Akka.Cluster.Discovery
Akka.Cluster.Discovery copied to clipboard
It takes Cluster Singleton 1 minute to move to another node
- Consul discovery, the settings are:
akka.cluster {
discovery {
provider = akka.cluster.discovery.consul
consul {
listener-url = "http://127.0.0.1:8500"
class = "Akka.Cluster.Discovery.Consul.ConsulDiscoveryService, Akka.Cluster.Discovery.Consul"
dispatcher = "consul-dispatcher"
alive-interval = 10s
alive-timeout = 1m
refresh-interval = 1m
join-retries = 3
lock-retry-interval = 250ms
datacenter = "dc"
token = ""
wait-time = 30s
}
}
}
- Three nodes cluster, a singleton is running on a node.
- Kill the node on which the singleton is running.
- A new singleton is launched after ~1 minute delay, which is unacceptable, the docs promise that it should take few seconds at most.
Cluster singleton migration depends on the time of down node detection - if node is just unreachable, we cannot assume it's dead, since it may be just temporary network issue and we don't want to end with 2 singletons. Therefore we need to determine if a node is down:
- In graceful scenario it's fast (as downing node can announce this to others).

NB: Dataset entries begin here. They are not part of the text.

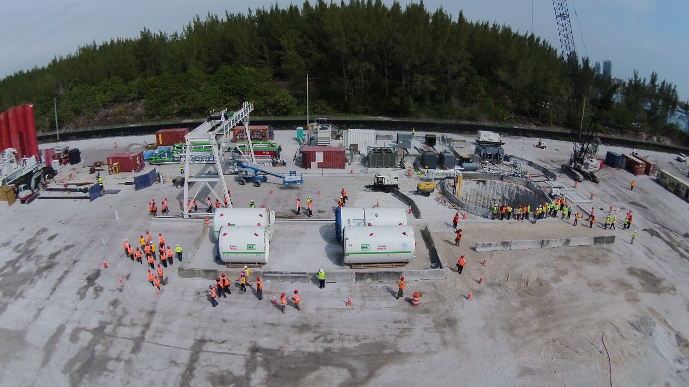 In einer Tiefe von bis zu 21 Metern unter dem Meeresspiegel grub sich die 3,13 Meter große „Dorsey“ in den nächsten Monaten voran. Der Durchbruch erfolgte nach 227 Arbeitstagen am 16. Februar 2016 auf Fisher Island – Bestleistungen von bis zu 24 Metern pro Tag und rund 300 Metern pro Monat bestätigten die optimale Konfiguration der TBM. Bis Ende des Jahres soll die neue 60“ Druckrohrleitung im fertigen Schutztunnel verlegt und in Betrieb genommen werden.
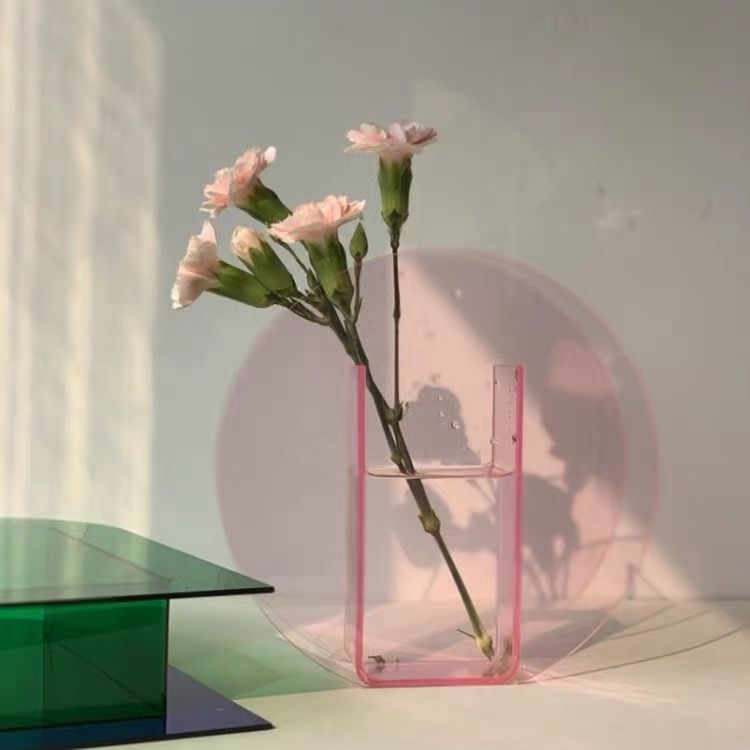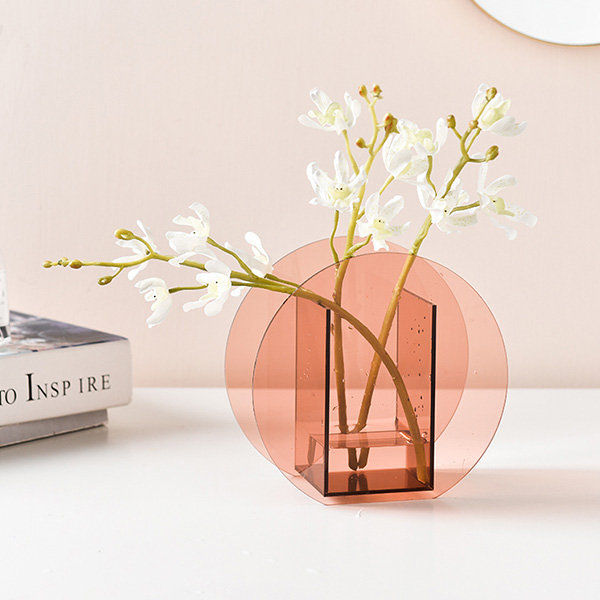 Acrylic vases use a minimalist design to decorate lovely corners of your home and office. Display artificial plants and flowers to make your space more colorful.
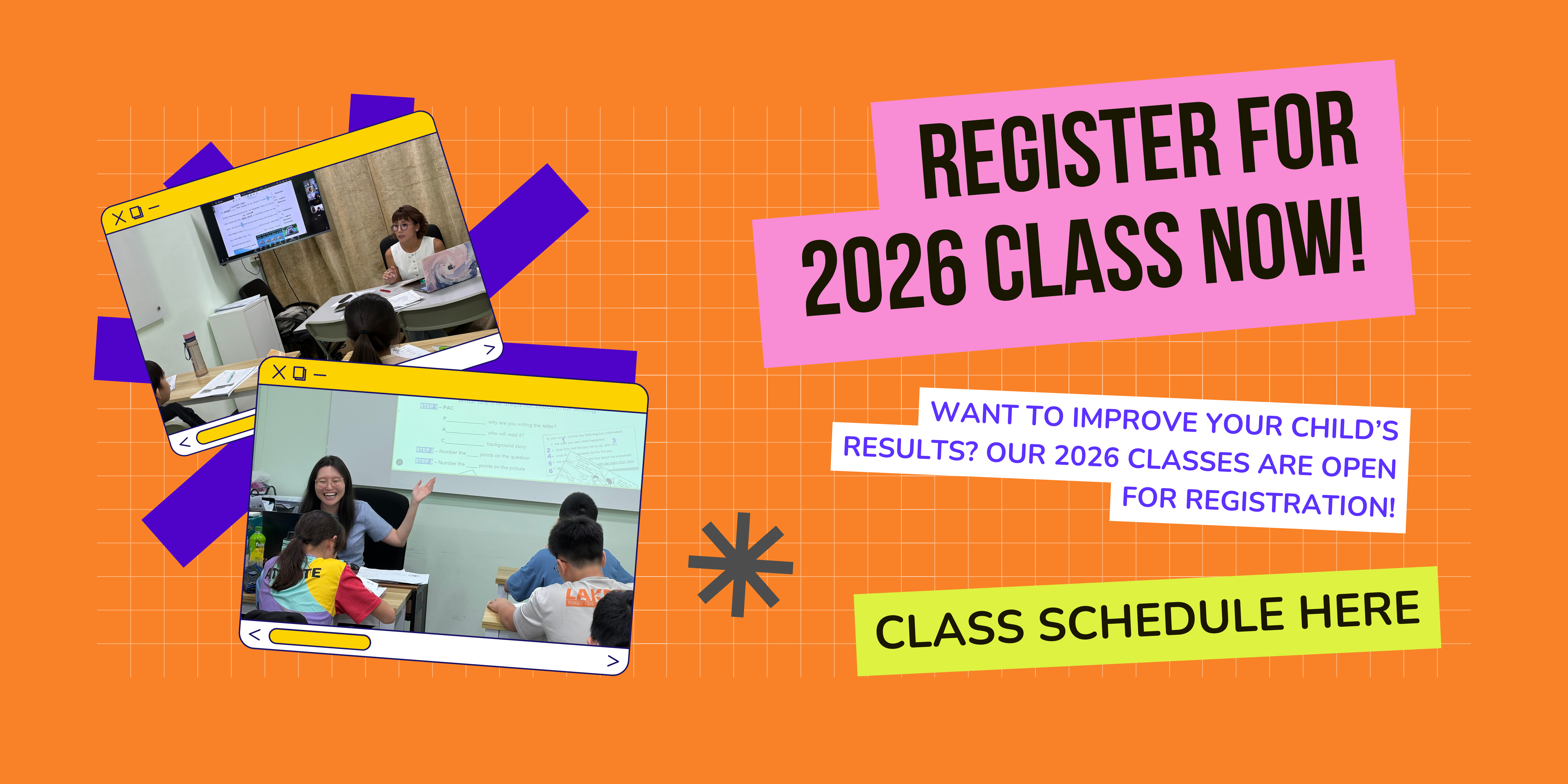 Small classroom sizes do not only provide your child with personalised attention. We also believe small classrooms help them focus better with fewer distractions, and give our tutors more opportunities to provide constructive feedback, rather than being overwhelmed by student numbers.
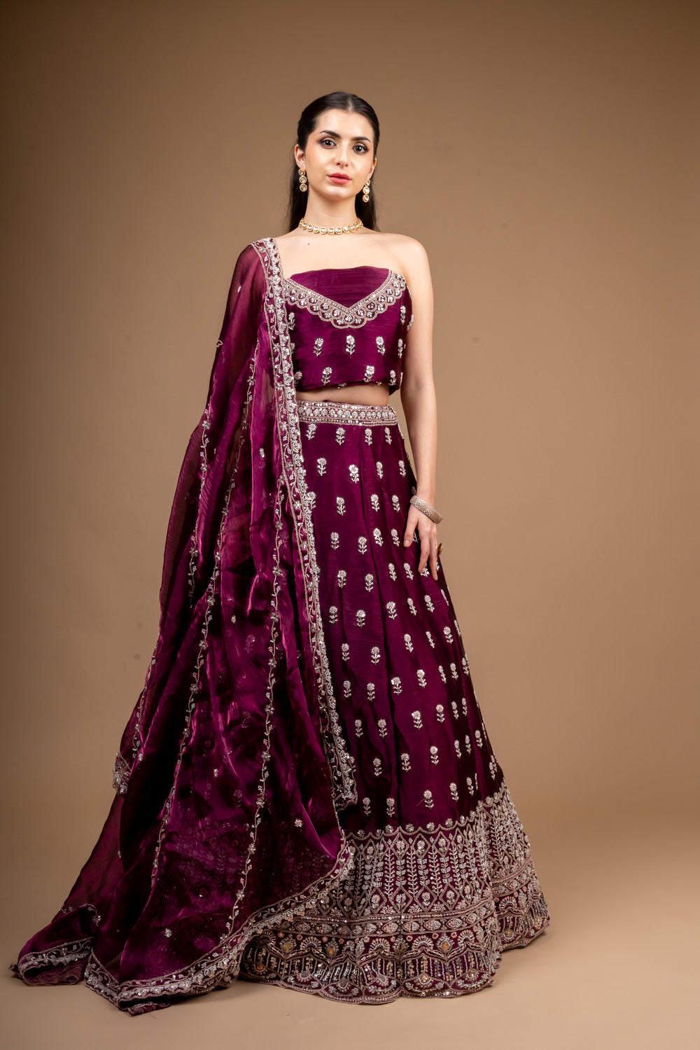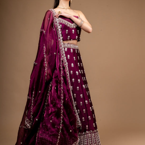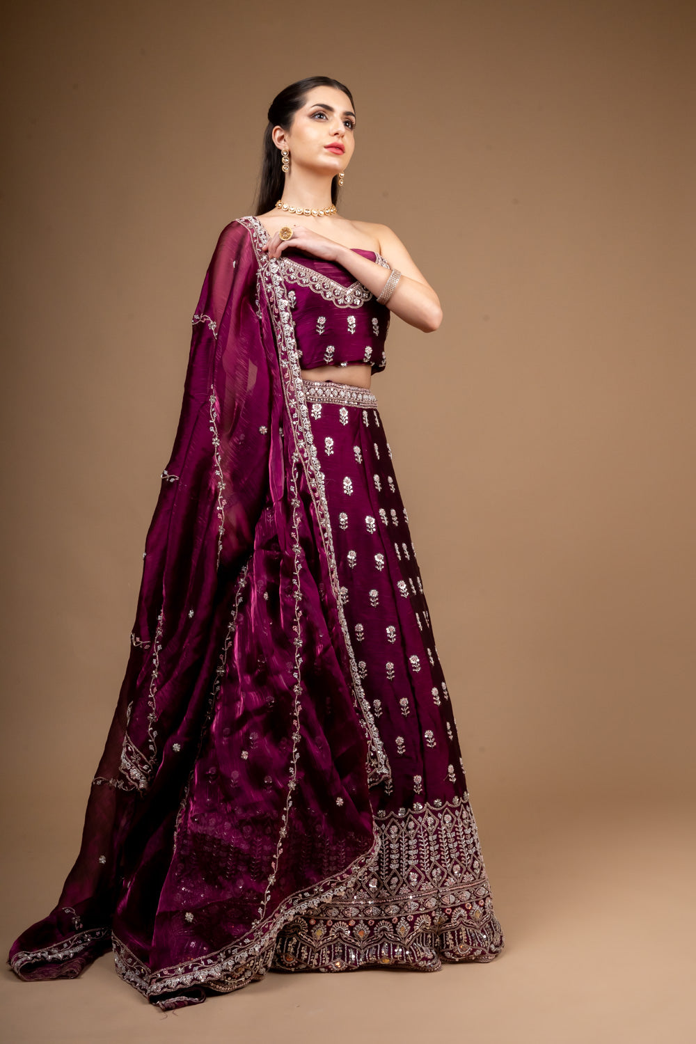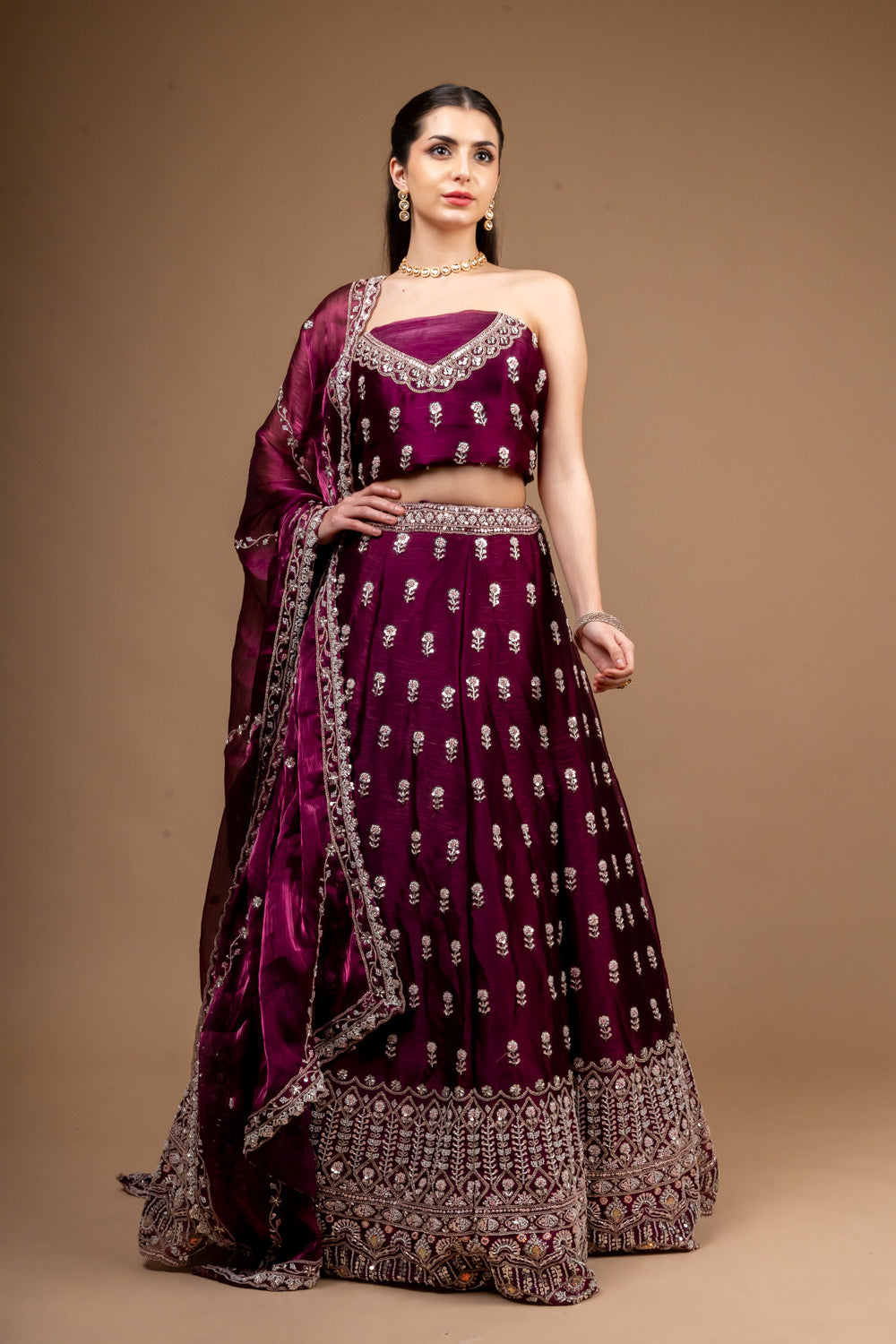 Panna Wine Zari Threadwork, Embroidery & Sequence Organza Lehenga Set With Unstitched Blouse

- In hard failure it's slow, since the rest of the cluster must detect if node is actually dead or if it just disconnected for some reason and will come back up shortly. And this takes time.
Docs probably refer to time required to migrate, once a down node has been detected. In case of consul cluster discovery, you can play with alive-timeout
and refresh-interval
settings to try to lower that time frame. However if I'm right consul itself requires at least 30-60s to detect an unhealty node.